I have a 2014 LOOK 675 Light that I bought new from a dealer out in Montana (there was only one local dealer and I didn't want to go there).

The headset has been loose for a while and I've been unable to tighten it enough. Recently it has become worse and braking is a nightmare.

While the headset looks like any of the other LOOK headsets with the pin through the fork, compression ring and the plug, the A-stem setup and frame shape for that makes it a bit tricky to get the headset setup.

I believe the model for the headset is Headfit 4 - which I can't find anywhere online. Headfit 3 seems to retail for close to $200 which seems high for a headset.

Has anyone replaced the headset on this bike with any other standard FSA or headset, compression rings etc ? The bearings themselves seem perfectly fine.

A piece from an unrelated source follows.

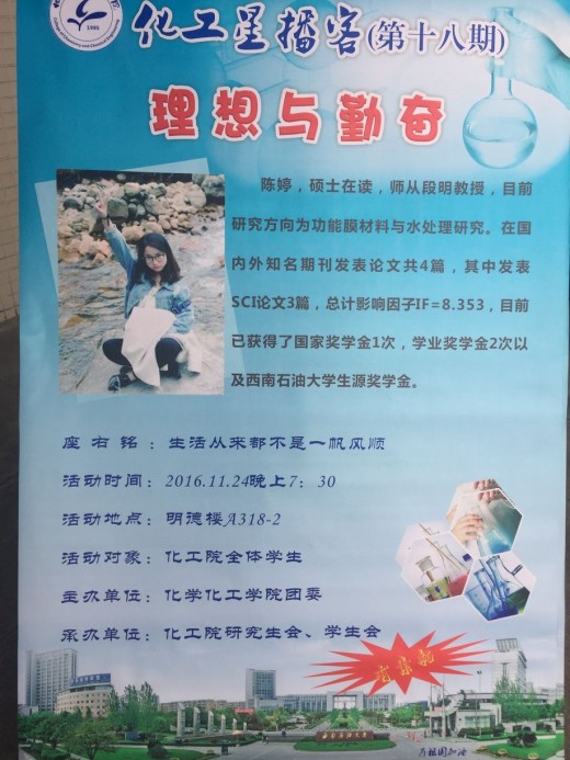 2016年11月24日,第十八期化工星播客邀請到了國家獎學金獲得者生陳婷作為主講嘉賓。“堅定理想信念,攻難克堅而行。”陳婷首先從自己小時候的理想講起引入本次講座的主題“勤奮”,而理想就好比一個導航,它告訴人們要去往何處,是黑暗中的“光”。但在實現理想的過程中,往往會遇到“毀滅理想五部曲”:不要相信一夜成名,成功背后付出的汗水與艱辛別人是看不到的;不要依賴別人,人生的路要自己走、自己做決定;不要安逸度日,達到一個巔峰后,需要更加努力,找到下一個巔峰;不要為失敗找借口;不要認為目標就是一切。

Now, there seem to be a few more LOOK dealers in the area, so, that is an alternative. It's been a few years since I've had to take a bike in to a shop (do my work myself)

thanks,V


----------



## mik_git (Jul 27, 2012)

Not sure if you an replace the headset and stem... (but then again the 695 RZ comes without? so maybe???)

I noticed mine seem a bit loose,clunky yesterday after a race, with a bit of dread I pulled off the stem just now and gave it a tighten, put it back together...then ulled apart and gave a bit more of a tighten...seems good now. Will see how it goes.


----------